BEGIN Records shown

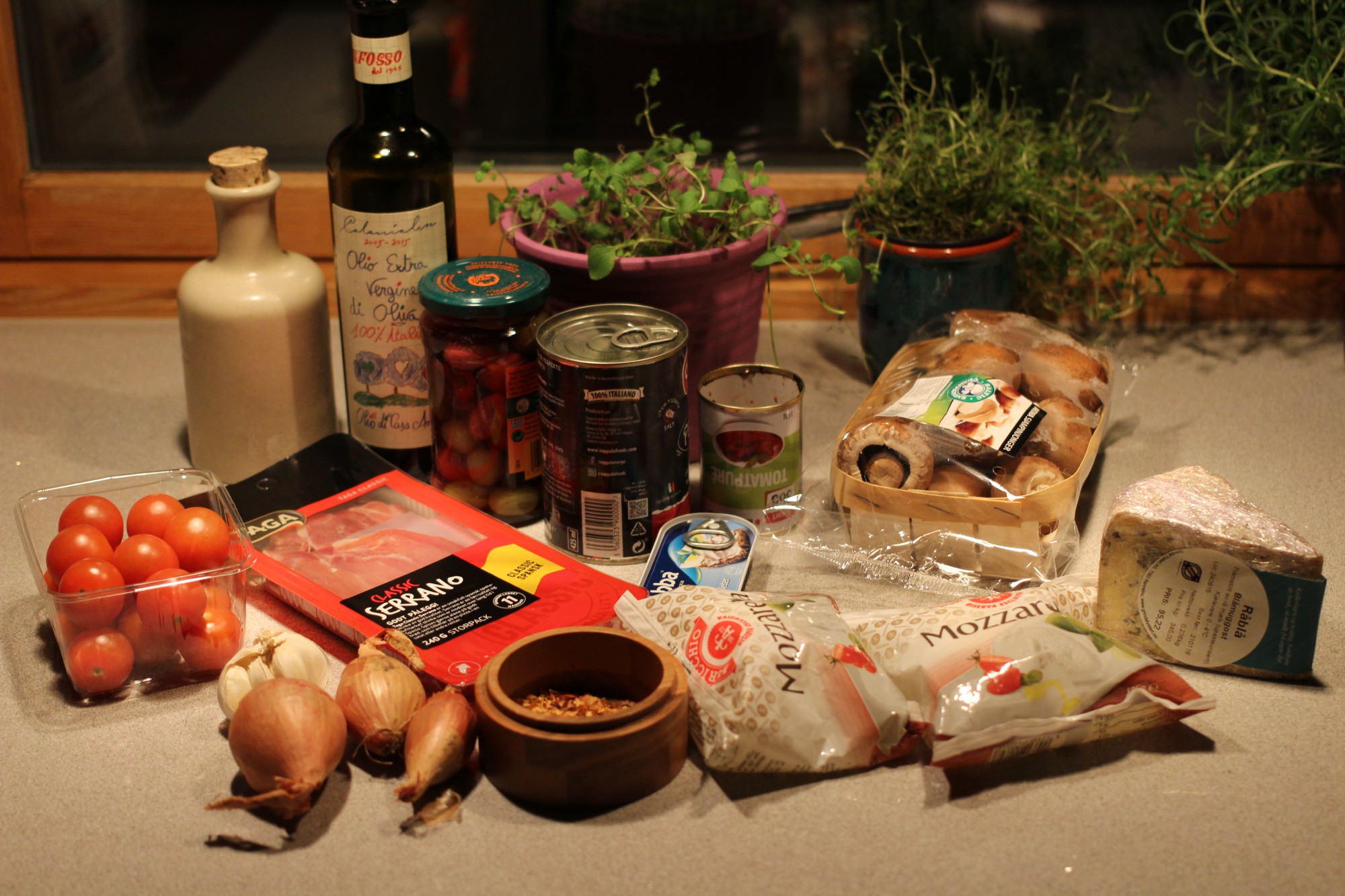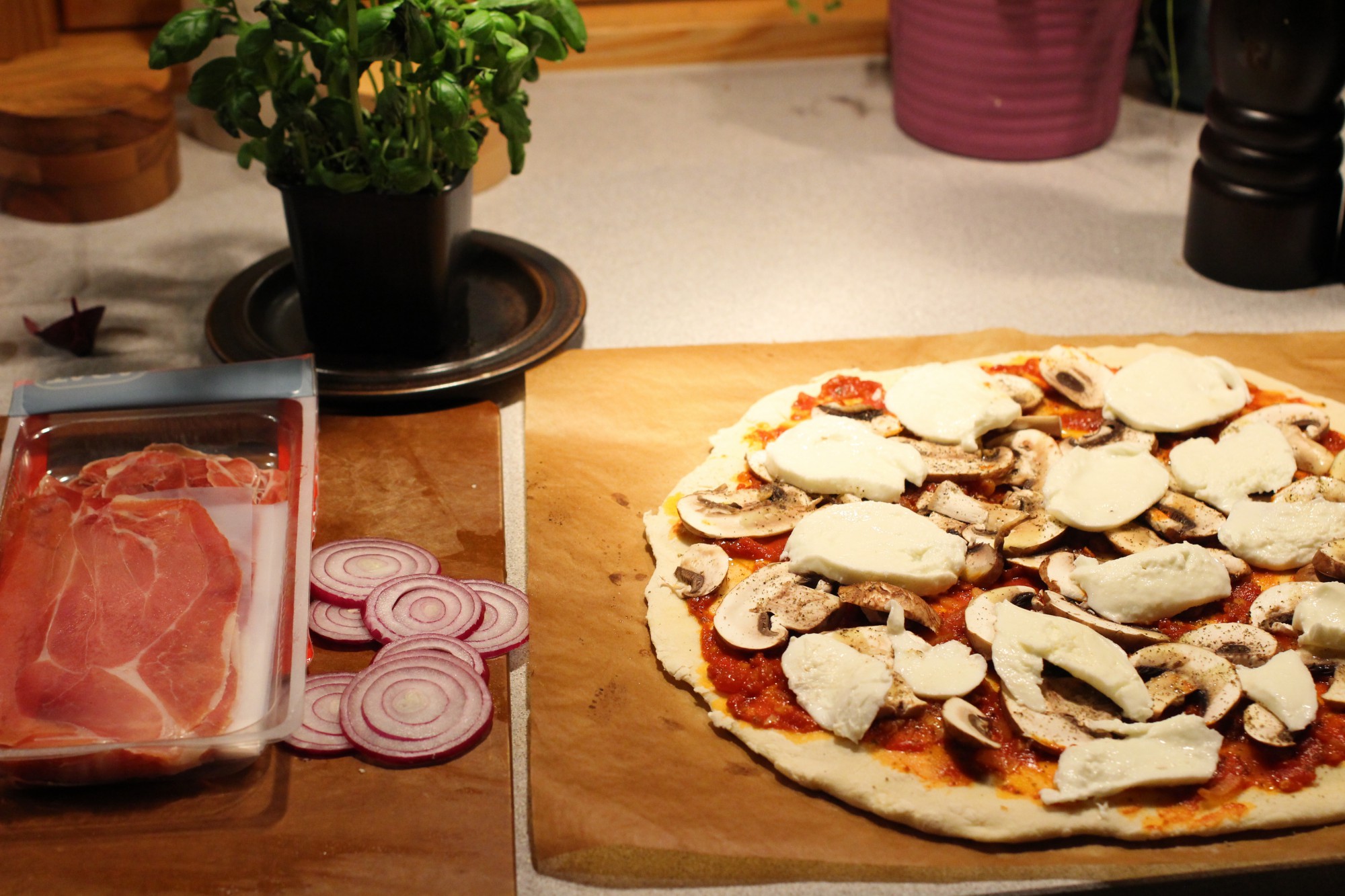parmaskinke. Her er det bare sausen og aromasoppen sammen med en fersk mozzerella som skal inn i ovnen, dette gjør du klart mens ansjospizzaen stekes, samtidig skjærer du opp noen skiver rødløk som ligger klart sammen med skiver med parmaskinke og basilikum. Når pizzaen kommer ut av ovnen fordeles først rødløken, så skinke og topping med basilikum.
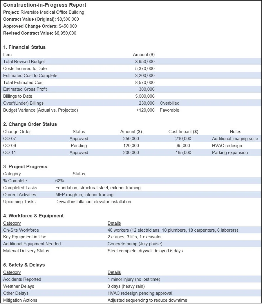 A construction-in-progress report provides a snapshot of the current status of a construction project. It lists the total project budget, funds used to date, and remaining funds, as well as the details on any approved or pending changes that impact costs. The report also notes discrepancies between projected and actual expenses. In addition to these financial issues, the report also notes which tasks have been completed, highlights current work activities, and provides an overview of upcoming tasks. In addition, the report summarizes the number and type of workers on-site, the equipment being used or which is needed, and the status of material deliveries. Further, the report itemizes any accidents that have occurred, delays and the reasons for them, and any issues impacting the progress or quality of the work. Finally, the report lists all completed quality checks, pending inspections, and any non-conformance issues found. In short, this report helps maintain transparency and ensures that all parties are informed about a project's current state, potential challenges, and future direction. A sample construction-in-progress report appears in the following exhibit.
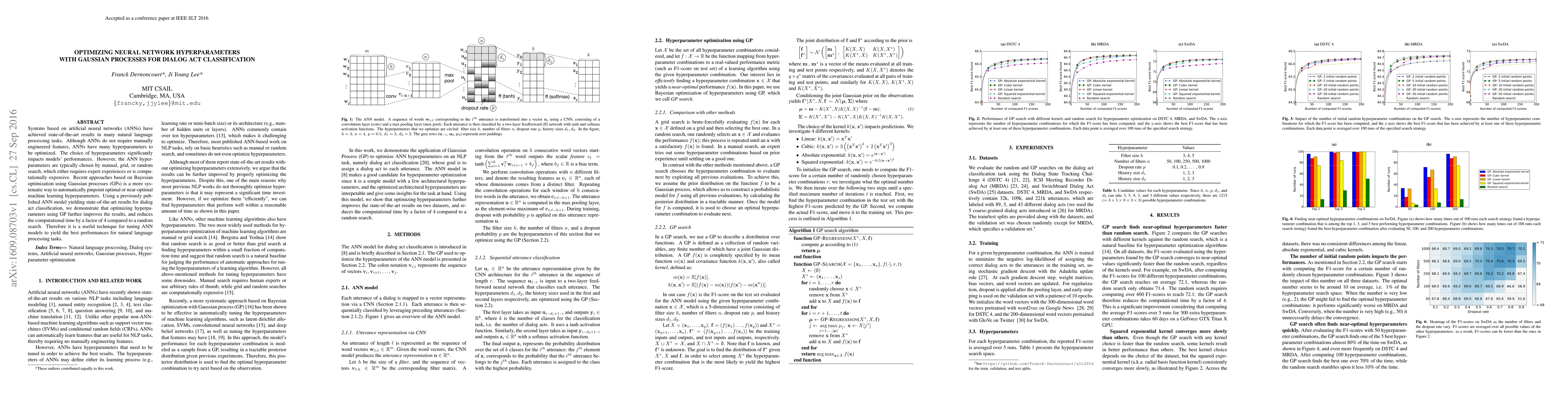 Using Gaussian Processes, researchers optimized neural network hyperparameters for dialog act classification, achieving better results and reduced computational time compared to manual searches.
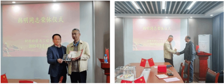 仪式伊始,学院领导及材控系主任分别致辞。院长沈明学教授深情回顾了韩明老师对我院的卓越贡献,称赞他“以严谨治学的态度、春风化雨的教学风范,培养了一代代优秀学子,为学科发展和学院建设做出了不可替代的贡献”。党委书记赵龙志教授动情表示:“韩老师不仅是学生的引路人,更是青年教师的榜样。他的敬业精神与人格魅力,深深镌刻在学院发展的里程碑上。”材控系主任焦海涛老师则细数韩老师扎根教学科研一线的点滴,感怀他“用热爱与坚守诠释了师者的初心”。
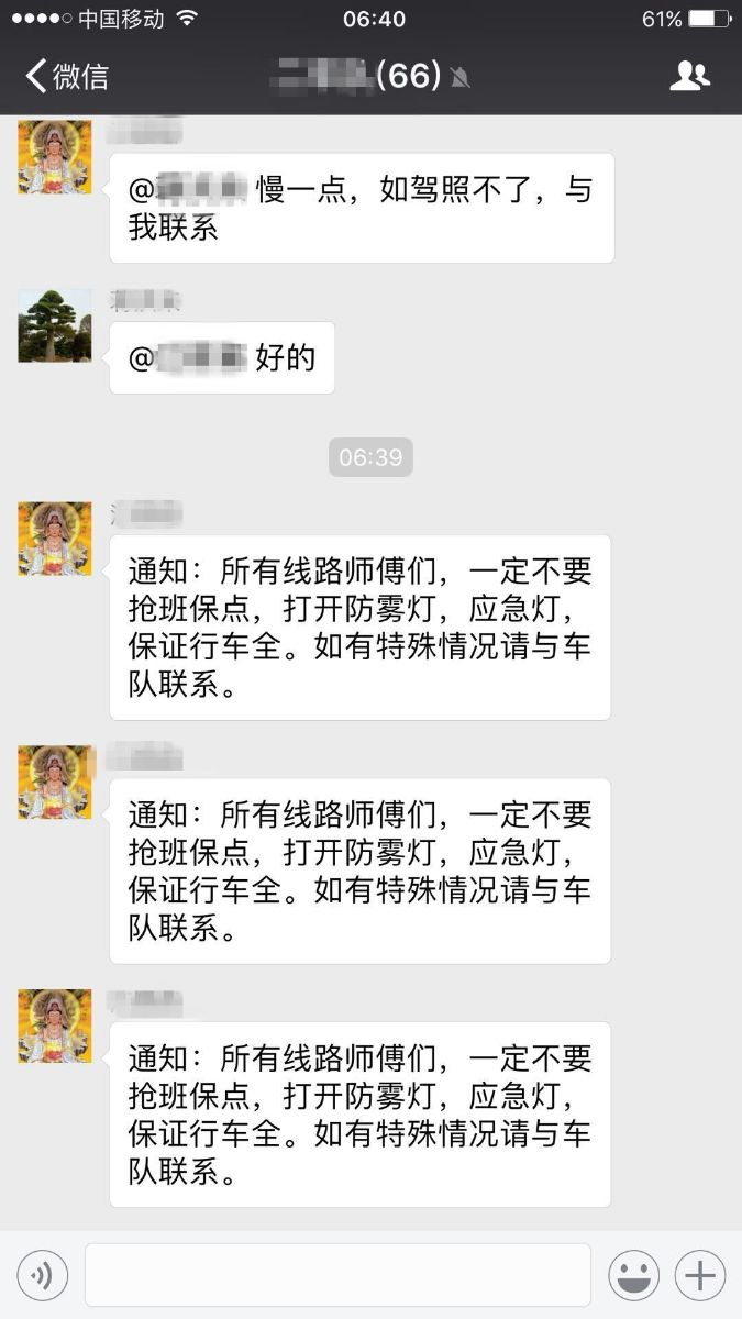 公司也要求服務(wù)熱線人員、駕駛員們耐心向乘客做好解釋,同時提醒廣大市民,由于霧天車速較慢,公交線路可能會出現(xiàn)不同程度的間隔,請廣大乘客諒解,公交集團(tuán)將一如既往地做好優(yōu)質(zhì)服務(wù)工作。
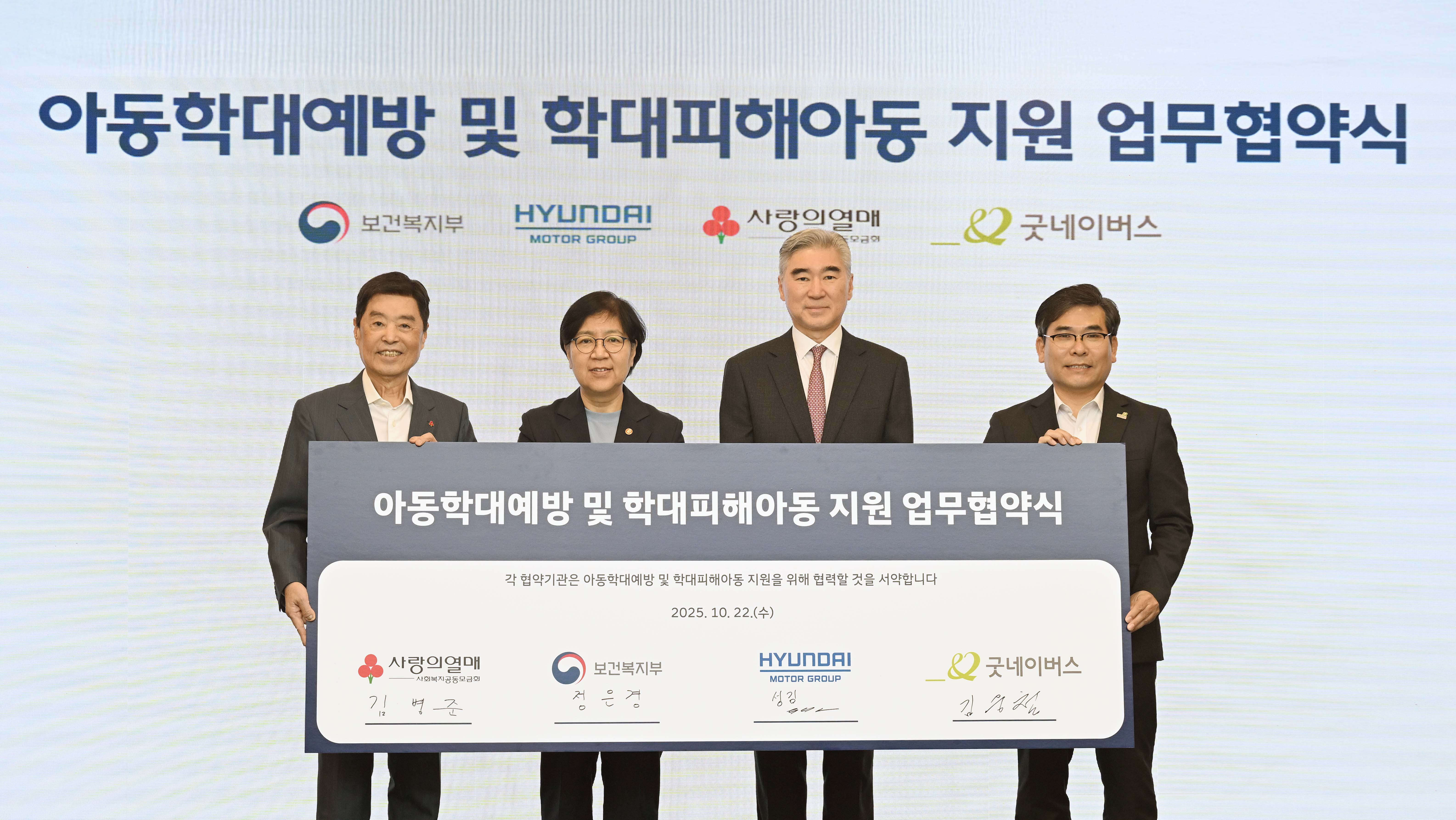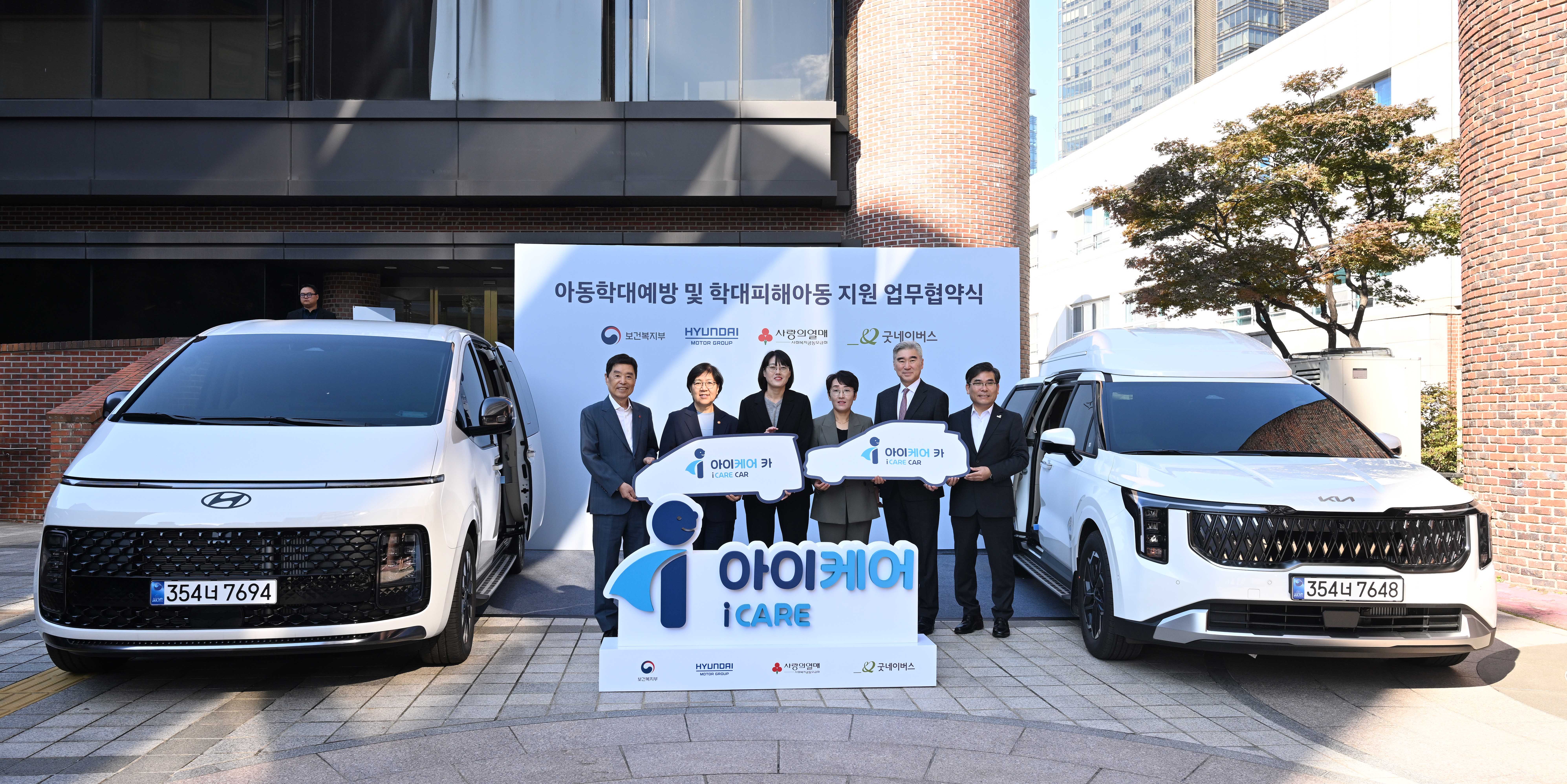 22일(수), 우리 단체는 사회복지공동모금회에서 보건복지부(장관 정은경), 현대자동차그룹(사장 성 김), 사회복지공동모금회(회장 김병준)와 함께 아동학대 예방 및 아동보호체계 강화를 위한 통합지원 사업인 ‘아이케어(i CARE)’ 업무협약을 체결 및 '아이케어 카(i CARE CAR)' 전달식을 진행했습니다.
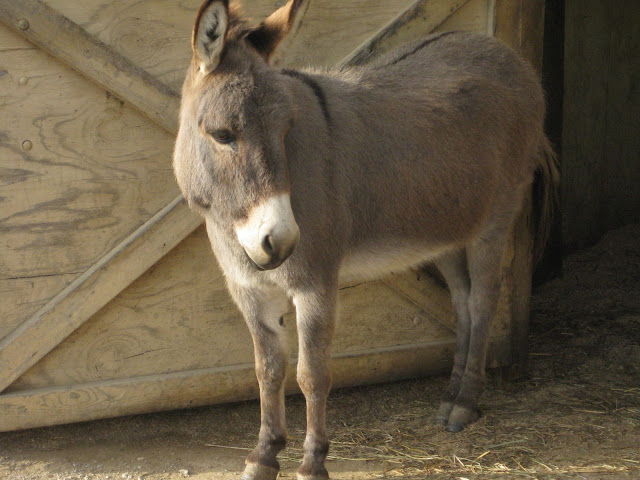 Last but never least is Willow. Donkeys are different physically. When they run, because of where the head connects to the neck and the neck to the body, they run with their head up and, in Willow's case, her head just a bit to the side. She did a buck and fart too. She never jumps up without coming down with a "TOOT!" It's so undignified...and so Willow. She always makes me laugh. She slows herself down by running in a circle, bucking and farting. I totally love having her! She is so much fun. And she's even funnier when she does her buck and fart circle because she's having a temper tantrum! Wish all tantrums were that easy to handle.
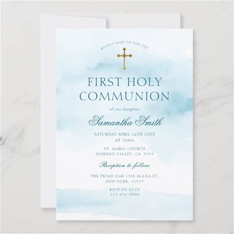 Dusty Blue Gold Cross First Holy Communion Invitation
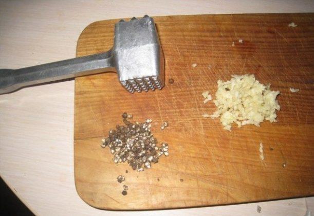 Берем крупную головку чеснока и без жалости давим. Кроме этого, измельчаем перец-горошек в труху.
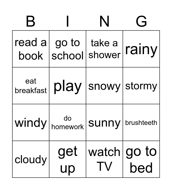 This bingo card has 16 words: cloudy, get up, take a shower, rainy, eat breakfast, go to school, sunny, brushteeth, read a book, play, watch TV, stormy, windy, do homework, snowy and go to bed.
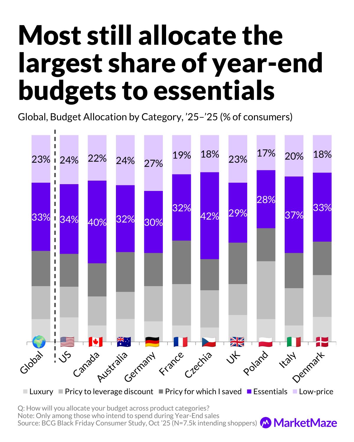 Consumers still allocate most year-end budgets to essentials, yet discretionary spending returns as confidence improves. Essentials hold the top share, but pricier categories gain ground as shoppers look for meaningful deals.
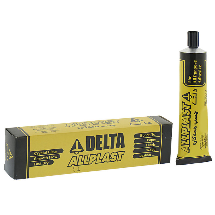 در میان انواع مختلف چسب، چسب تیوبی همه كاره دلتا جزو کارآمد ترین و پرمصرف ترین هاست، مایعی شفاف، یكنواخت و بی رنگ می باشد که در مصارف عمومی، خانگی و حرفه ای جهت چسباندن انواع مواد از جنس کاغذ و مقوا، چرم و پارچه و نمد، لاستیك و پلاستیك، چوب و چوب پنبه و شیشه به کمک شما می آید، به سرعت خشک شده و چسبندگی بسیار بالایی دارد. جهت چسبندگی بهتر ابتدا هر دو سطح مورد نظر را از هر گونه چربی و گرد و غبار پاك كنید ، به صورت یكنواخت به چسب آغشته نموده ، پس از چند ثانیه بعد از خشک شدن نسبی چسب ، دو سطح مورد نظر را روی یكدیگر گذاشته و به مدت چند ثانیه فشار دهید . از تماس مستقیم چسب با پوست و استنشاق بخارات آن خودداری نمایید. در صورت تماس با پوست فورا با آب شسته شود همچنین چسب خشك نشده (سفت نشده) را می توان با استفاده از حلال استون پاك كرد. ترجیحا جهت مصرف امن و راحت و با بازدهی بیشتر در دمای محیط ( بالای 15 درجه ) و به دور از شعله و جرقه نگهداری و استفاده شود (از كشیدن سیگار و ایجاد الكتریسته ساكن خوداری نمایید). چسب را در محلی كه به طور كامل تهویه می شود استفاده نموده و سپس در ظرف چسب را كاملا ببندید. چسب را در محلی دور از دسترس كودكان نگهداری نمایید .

END Records shown

What to work on: A verbatim reproduction is expected: starting at the line above that has "Берем крупную головку", ending at the line that has "Consumers still allocate", both included, and with no pictures and no other lines.

Result of the exercise:
 Берем крупную головку чеснока и без жалости давим. Кроме этого, измельчаем перец-горошек в труху.
 This bingo card has 16 words: cloudy, get up, take a shower, rainy, eat breakfast, go to school, sunny, brushteeth, read a book, play, watch TV, stormy, windy, do homework, snowy and go to bed.
 Consumers still allocate most year-end budgets to essentials, yet discretionary spending returns as confidence improves. Essentials hold the top share, but pricier categories gain ground as shoppers look for meaningful deals.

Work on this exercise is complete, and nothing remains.